STRATEGIC DOCTRINE: Why Liberia?

Like most of coastal West Africa, Liberia (known before the nineteenth century as the "Grain Coast") was colonized by European maritime powers--first Portugal, then Britain and France. In the early nineteenth century, a private club called the American Colonization Society set up the first settlements of freed and runaway slaves and abolitionists on the Grain Coast. They named their territory Liberia, based on the Latin root of the word "liberty," and named their capital city Monrovia, after then-U.S. President James Monroe.

In 1847, Liberia proclaimed its independence. Because British and French presence in the new nation was so strong, the United States did not recognize the new nation until 1862, during the Civil War.

Although organized by Americans and its government patterned after U.S. statutory law, the United States was unable to exert any influence on Liberia's government or society. Although supposedly established as a "free" society, Liberia was racially divided between the lighter-skinned inhabitants of the coastal regions and the darker-skinned natives of the interior. The interior regions were ruled by uncodified tribal law. U.S.-Liberian relations were severed in the early twentieth century over charges that the Liberian government was running a slave trade to neighboring African countries.

Heavily in debt around the world and without a strong international sponsor, Liberia degraded into tribal conflict. The discovery of high-grade iron ore and royalties from the world's largest rubber plantation couldn't lift Liberia's economy above its West African neighbors, and the country's history was marred by almost ceaseless, brutal, and sometimes gruesome violence. In 1990, at almost the same time of the Iraqi invasion of Kuwait, U.S. Marines were sent to Monrovia to evacuate Americans from the embattled capital. One out of every ten inhabitants of Liberia was killed in the civil war between 1990 and 1994.

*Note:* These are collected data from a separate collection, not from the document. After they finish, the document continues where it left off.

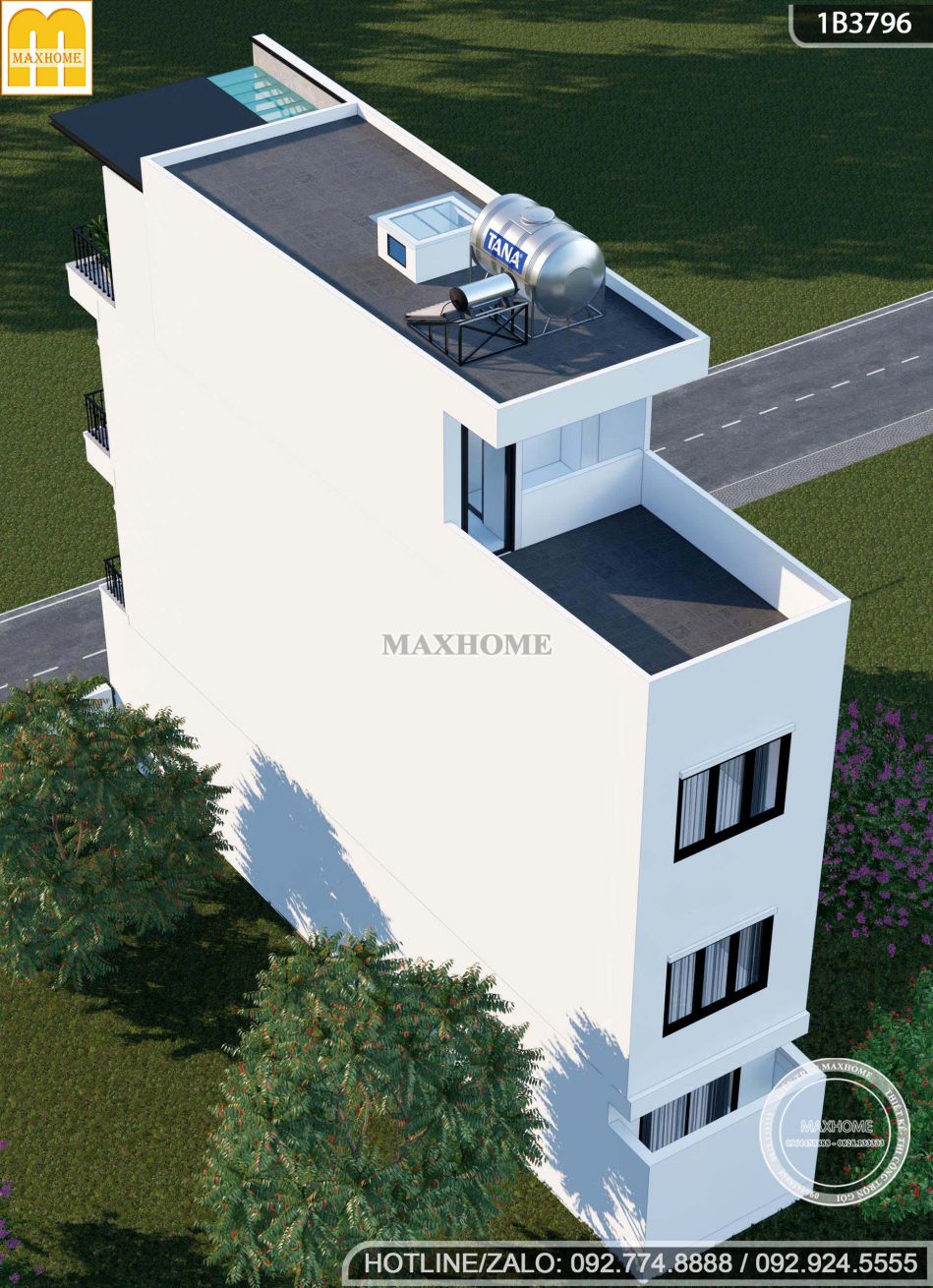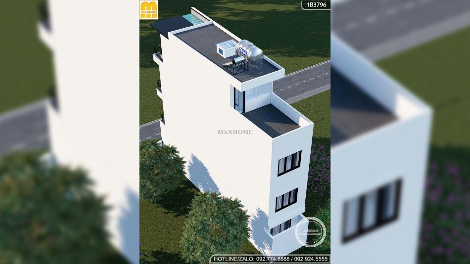 Nhà phố được thiết kế với mái bằng, phù hợp với nhiều phong cách kiến trúc đô thị hiện nay. Chúng tôi đã bố trí hệ thống thoát nước từ mái xuống một cách khoa học, đảm bảo hiệu quả chống thấm và ngăn ngừa ứ đọng nước. Bên cạnh đó, ngôi nhà 4 tầng còn được trang bị hệ thống giếng trời, giúp không gian bên trong luôn thông thoáng, tràn đầy ánh sáng tự nhiên và tạo sự kết nối hài hòa với môi trường bên ngoài.
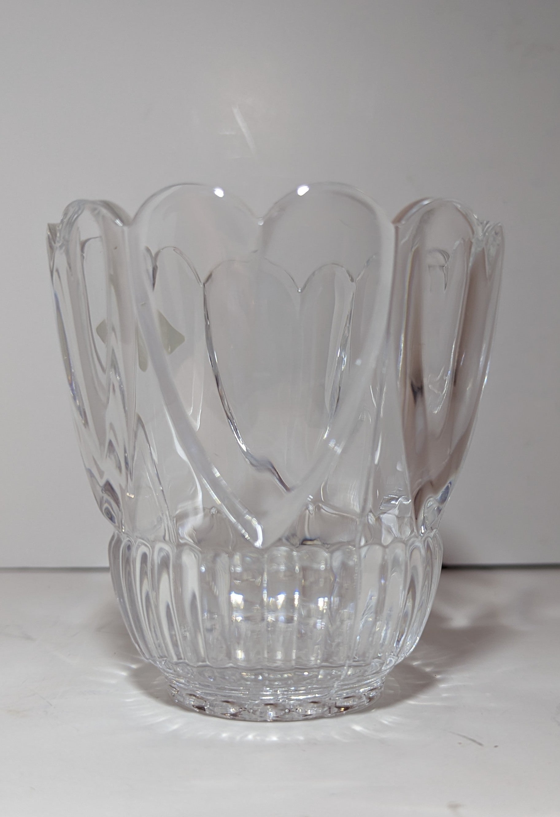 Sticker: Shannon. Gorgeous crystal candle/votive holder. Made up of six hearts around the body. Original sticker. No chips or cracks. Used in excellent condition. Shipping may be different than at check-out. See our shipping policies.
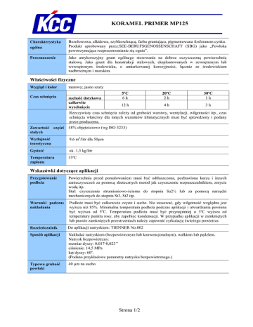 KORAMEL PRIMER MP125 Charakterystyka ogólna Bezołowowa, alkidowa, szybkoschnącą, farba gruntująca, pigmentowana fosforanem cynku. Produkt aprobowany przez:SEE-BERUFSGENOSSENSCHAFT (SBG) jako „Powłoka powstrzymująca rozprzestrzenianie się ognia”. Przeznaczenie Jako antykorozyjny grunt ogólnego stosowania na dobrze oczyszczoną powierzchnię stalową. Jako grunt dla konstrukcji stalowych, eksploatowanych w zewnętrznym lub wewnętrznym środowisku, o umiarkowanej korozyjności, łącznie ze środowiskiem nadbrzeŜnym i morskim. Właściwości fizyczne Wygląd i kolor Czas schnięcia Zawartość stałych części matowy; jasno szary 5ºC 20ºC 30ºC 6h 2h 1h suchość dotykowa całkowite 12 h 4h 3h wyschnięcie Rzeczywisty czas schnięcia zaleŜy od grubości warstwy, wentylacji, wilgotności itp., czas schnięcia właściwy dla innych warunków klimatycznych musi być sprawdzony i podany przez producenta. 48% objętościowo (wg ISO 3233) Wydajność teoretyczna 9,6 m2/litr dla 50µm Gęstość ok. 1,3 kg/litr Temperatura zapłonu 35ºC Wskazówki dotyczące aplikacji Przygotowanie podłoŜa Powierzchnia przed pomalowaniem musi być odtłuszczona, pozbawiona kurzu i innych zanieczyszczeń za pomocą skutecznych metod jak czyszczenie rozpuszczalnikiem, zmycie wodą itp. Stal: czyszczenie strumieniowo-ścierne do stopnia Sa2½ lub za pomocą narzędzi mechanicznych do stopnia St3, St2 itp. Warunki podczas nakładania PodłoŜe musi być całkowicie czyste i suche. Nie stosować, gdy wilgotność względna jest wyŜsza niŜ 85%. Minimalna temperatura podłoŜa podczas aplikacji i utwardzania powinna być wyŜsza od 5oC. Temperatura podłoŜa musi być przynajmniej o 3ºC wyŜsza od temperatury punktu rosy, aby zapobiec kondensacji. W przypadku aplikacji w zamkniętych lub prawie zamkniętych przestrzeniach naleŜy zapewnić cyrkulację świeŜego powietrza Rozcieńczalnik Do aplikacji natryskiem: THINNER No.002 Sposób aplikacji Nakładać natryskiem (bezpowietrznym lub konwencjonalnym), wałkiem lub pędzlem. Natrysk bezpowietrzny: rozmiar dyszy: 0,017-0,023’’ ciśnienie: 14,5 MPa kąt dyszy: 60º. (Podano przykładowe parametry natrysku bezpowietrznego.) Typowa grubość powłoki 40 µm na sucho Strona 1/2 KORAMEL PRIMER MP125 Interwał czasowy do nakładania następnych powłok W temperaturze 20oC: Minimalny: 8 h, Maksymalny: Nieograniczony. Przed aplikacją następnej powłoki naleŜy usunąć z powierzchni: zatłuszczenia, sole, produkty kredowania i inne zanieczyszczenia starej, sezonowanej powłoki poprzez dokładne czyszczenie rozpuszczalnikiem lub mycie bieŜącą wodą. Następne powłoki z farb KORAMEL UNDERCOATING LU216, KORAMEL ENAMEL LT313, LT 315 lub innych zgodnie ze specyfikacją. Okres przechowywania 12 miesięcy Odporność na temperaturę Ekspozycja ciągła: 93ºC (nie dotyczy ekspozycji w zanurzeniu) Działanie periodyczne: 121ºC (nie dotyczy ekspozycji w zanurzeniu) Odporność chemiczna Rozprysk, zwilŜanie Opary Zanurzenie Opakowanie BHP Data wydania Kwasy Zasady Rozpuszczalniki Woda morska Woda bieŜąca Nie zalecane Nie zalecane Nie zalecane Dobra Doskonała Słaba Słaba Słaba Zadowalająca Doskonała Nie zalecane Nie zalecane Nie zalecane Nie zalecane Nie zalecane 18 l. Zabezpieczyć skórę i oczy a takŜe zapobiegać wdychaniu oparów poprzez właściwą wentylację. W wypadku aplikacji w pomieszczeniach kiepsko wentylowanych zaleca się stosowanie dodatkowo środków ochrony osobistej dróg oddechowych. Przechowywać z dala od źródła iskier i otwartego ognia. Kwiecień 2008 Informacje zawarte w karcie technicznej zostały podane na podstawie badań laboratoryjnych i mogą nieznacznie odbiegać od stanu faktycznego dla danej partii produkcyjnej. Zalecamy posługiwanie się nimi jako wskaźnikami natury ogólnej. Wszystkie zalecenia dotyczące stosowania produktów są opracowane dla osób o odpowiedniej wiedzy technicznej, zostały oparte o aktualny stan wiedzy i są wiarygodne. Producent i sprzedawca nie ma wpływu na jakość aplikacji, stan powierzchni, warunków aplikacji oraz innych czynników mających wpływ na jakość powłoki. W związku z powyŜszym producent ani sprzedawca nie ponoszą odpowiedzialności za straty i szkody spowodowane zastosowaniem produktu. Karta katalogowa moŜe ulec zmianie bez powiadomienia. Przed aplikacją produktu w obowiązku uŜytkownika jest upewnienie się co do aktualności karty technicznej. Strona 2/2
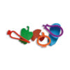 Zabawka zawiera grzechotkę w środku oraz ozdobną wstążkę.
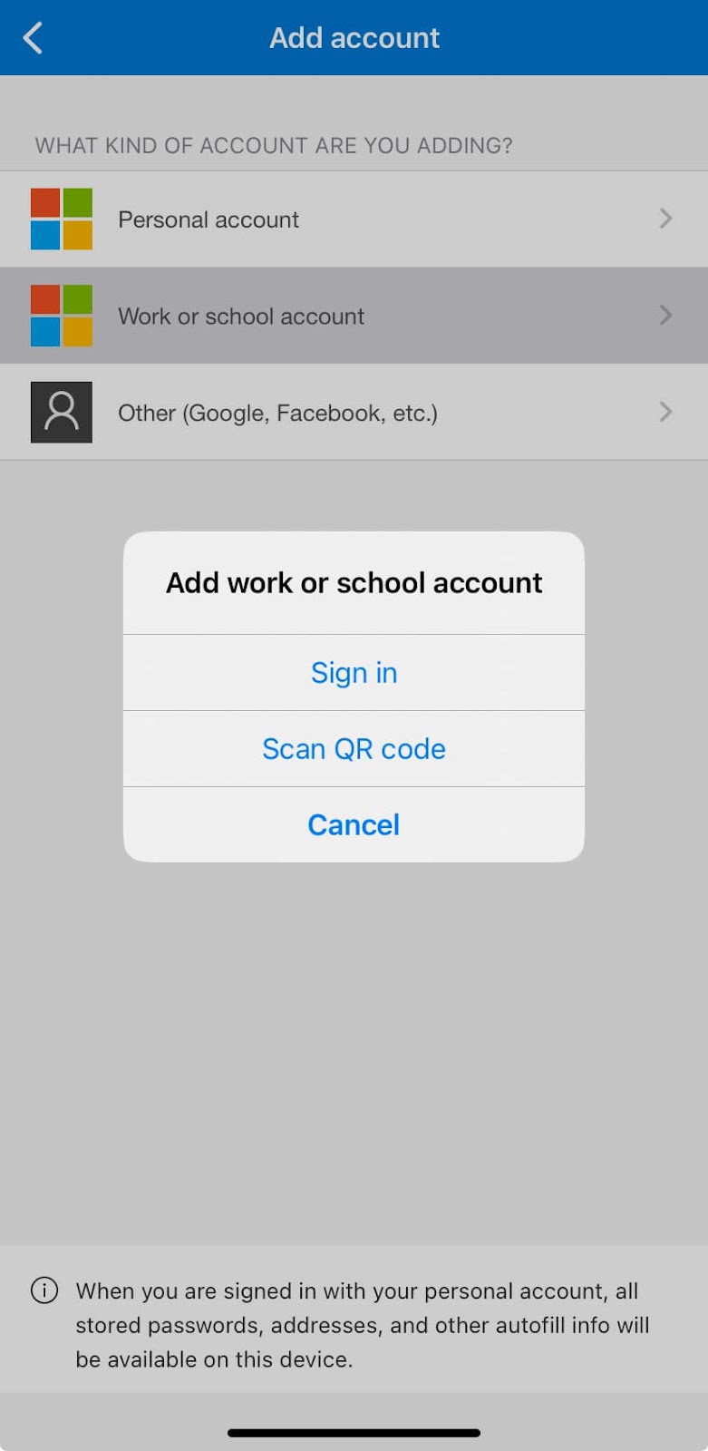 - Add work or school account then Scan QR code.
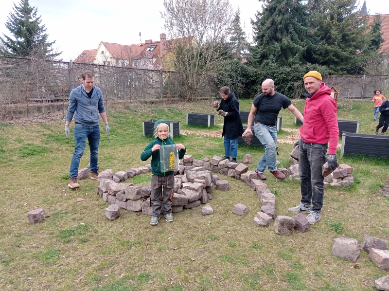 Es wurde der Weidenpalast vergrößert, die Kräuterspirale beendet, ein Blumenbeet angelegt und im Schulhaus hat der Frühjahrsputz begonnen.

The United States had maintained radio stations, military posts, and port facilities in Liberia until the mid-1980s, when Liberia reinstituted relations with the Soviet Union. Charles Ghankay Taylor, a rebel leader who engineered his first attempted government coup in 1989, was heavily supported by the Soviet Union through Libya. He was elected to the presidency in 1997.

Liberia exports iron ore, rubber, livestock, diamonds, lumber, crude oil, and increasingly cocaine and heroin. It imports almost everything else, including 25% of its food. The United States is its largest trading partner.

Obviously the protection of U.S. citizens in Liberia is important--but it's not obvious to me what our other vital national interests are in that war-torn country. There are historic ties to be sure--but is that all there is? Is this why we're considering sending troops to restore peace in Liberia?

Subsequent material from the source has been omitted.